Genau hier entsteht eine große Chance für Gründer. Die Prozesse sind oft noch analog und langsam. Wo Handwerk auf Hightech trifft, entsteht ein digitaler „White Space“, der nur darauf wartet, von disruptiven Start-ups besetzt zu werden, die Technologie und Biomechanik zusammenbringen.
Dieser Wandel macht die Branche zu einem der spannendsten Wachstumsfelder der kommenden Jahre.
Digitale Revolution: Personalisierung als Geschäftsmodell
Der traditionelle Prozess in der Orthopädietechnik ist zeitaufwendig: Gipsabdruck, manuelle Anpassung und mehrere Anproben. Disruptive Start-ups setzen genau hier an, indem sie diesen Prozess durch Digitalisierung ersetzen.
Anstatt eines Gipsabdrucks erstellen hochauflösende 3D-Scanner präzise Modelle des Körpers. Diese Daten fließen direkt in die generative Fertigung , besser bekannt als 3D-Druck. Das Ergebnis: ultra-personalisierte Prothesen, Orthesen oder Einlagen, die passgenauer, leichter und schneller produziert werden können.
Um diese hochmodernen Lösungen zu validieren und erfolgreich am Markt zu etablieren, ist die frühe Zusammenarbeit mit den Anwendern entscheidend. Ein Orthopäde in Rosenheim beispielsweise könnte als Pilotanwender fungieren, um die digitalen Messsysteme unter realen Praxisbedingungen zu testen und das Feedback direkt in die Produktentwicklung des Start-ups einfließen zu lassen. Diese enge Feedback-Schleife ist der Schlüssel zur Skalierung.

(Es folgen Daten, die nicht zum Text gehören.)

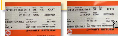
往復切符を買いました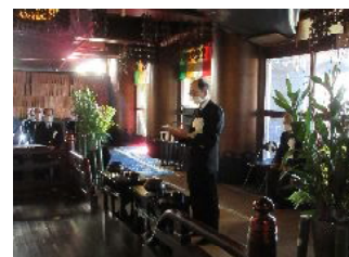
合同慰霊祭(霊山観音)

運輸関係業務に従事して物故された方々の御霊をお慰めするため、合同慰霊祭を令和3年11月5日に京都東山霊山観音において規模を縮小して執り行った。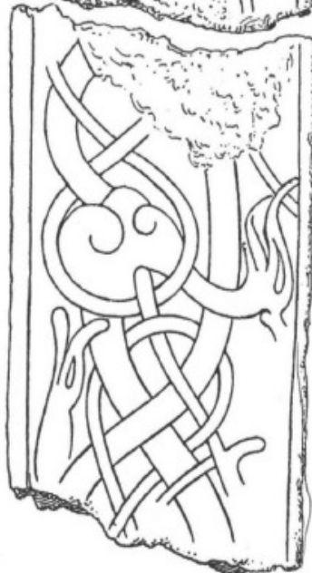
5. Ög. 80. Högby.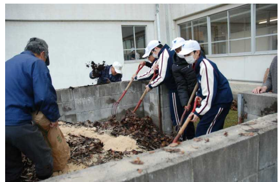
〈環境整備への支援～堆肥づくり！〉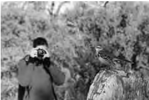
La Pampa durante todo julio recibe turistas desde distintos puntos del país, la tarea de siempre, es formular actividades que alarguen la permanencia de los mismos.

Finalmente el turno es de la Ciudad Autónoma de Bs.As., más las provincias de Buenos Aires, Catamarca, Entre Ríos, Jujuy, Misiones, Salta, Santa Cruz, Santa Fe y Santiago del Estero, permitiendo iniciar las salidas turísticas a las familias con niños en edad escolar, desde el sábado 14 hasta el domingo 29 de julio.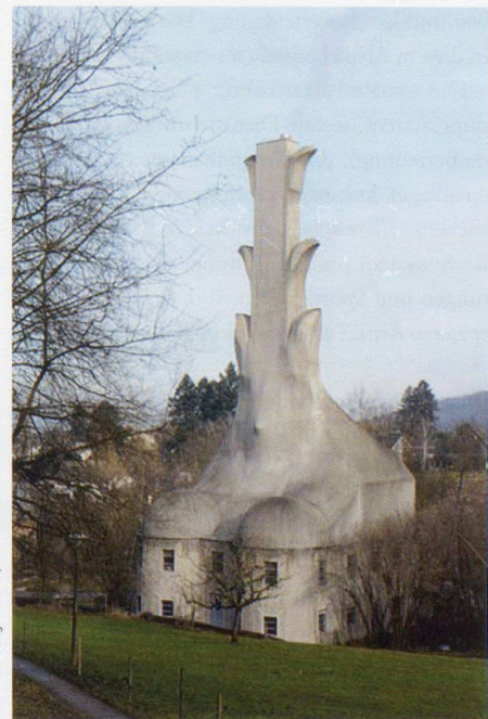
Heizhaus in Dornach, 1913/14

Smarte Produkte: der Sensor als Mehrwert
In der Orthopädietechnik geht der Wandel über die reine Fertigung hinaus. Die Produkte selbst , von Prothesen über Korsetts bis hin zu Einlagen , werden zu smarten Datenlieferanten. Sensoren, die diskret in das Hilfsmittel integriert sind, messen in Echtzeit, wie der Patient die Hilfsmittel nutzt.
Diese kontinuierliche Datenerfassung ermöglicht ein tiefes Verständnis der Biomechanik des Patienten. Die gesammelten Informationen helfen Start-ups dabei, Algorithmen zur prädiktiven Wartung zu entwickeln: Die Prothese meldet sich, bevor eine Schwachstelle zum Problem wird. Darüber hinaus kann der Therapieerfolg objektiv gemessen und die Passform datengestützt optimiert werden.

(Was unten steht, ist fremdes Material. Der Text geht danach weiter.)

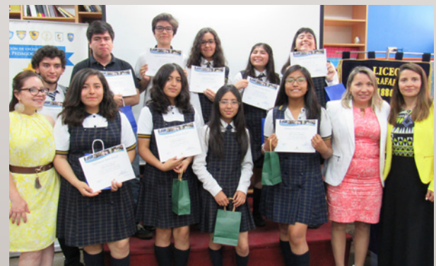
Liceo Miguel Rafael Prado – Educación Media

Für Gründer eröffnet sich hier ein völlig neues Geschäftsfeld: Datenanalyse als Service. Der Mehrwert liegt nicht nur im physischen Produkt, sondern in den Informationen, die es liefert.

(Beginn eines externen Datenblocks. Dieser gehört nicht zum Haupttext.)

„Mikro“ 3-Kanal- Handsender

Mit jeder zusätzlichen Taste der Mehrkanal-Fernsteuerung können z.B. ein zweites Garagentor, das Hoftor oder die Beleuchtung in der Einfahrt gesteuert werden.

Das disruptive Geschäftsmodell: von der Ware zur Dienstleistung
Die größte ökonomische Verschiebung in der Orthopädietechnik betrifft das Geschäftsmodell selbst. Traditionell basiert die Branche auf einem einmaligen Verkauf oder einer Kostenübernahme des Hilfsmittels durch die Krankenkasse.
Start-ups lösen sich von diesem Denken und verkaufen Funktionalität als Service (FaaS). Anstatt einer Prothese wird Mobilität als Dienstleistung angeboten, oft im Rahmen von Subskriptionsmodellen. Diese Modelle beinhalten regelmäßige Wartung, automatisierte Anpassungen basierend auf Sensordaten und den sofortigen Austausch bei Verschleiß.
Dieser Wandel öffnet neue Einnahmequellen: nicht nur die Miete für das physische Produkt, sondern auch die Datenanalyse und der Verkauf von Erkenntnissen an Forschung oder Reha-Zentren. Die Personalisierung durch 3D-Druck ermöglicht es, neue Marktsegmente und Preismodelle zu erschließen.
Die Zukunft der Mobilität ist digital
Die Orthopädietechnik steht am Scheideweg: Sie wandelt sich von einer reinen Handwerks und Versorgungsbranche zu einem dynamischen Hightech-Ökosystem. Der Wandel wird durch die Kombination aus 3D-Druck, Sensorik und Datenanalyse vorangetrieben, was eine nie dagewesene Personalisierung der Hilfsmittel erlaubt.
Für Gründer bietet dieser Markt riesiges Potenzial. Es geht darum, nicht nur Produkte, sondern funktionale Mobilität als Service zu verkaufen. Wer in der Lage ist, die traditionellen Prozesse durch digitale Lösungen zu brechen und die gewonnenen Daten als neuen Wert zu nutzen, wird die Zukunft der Bewegung gestalten.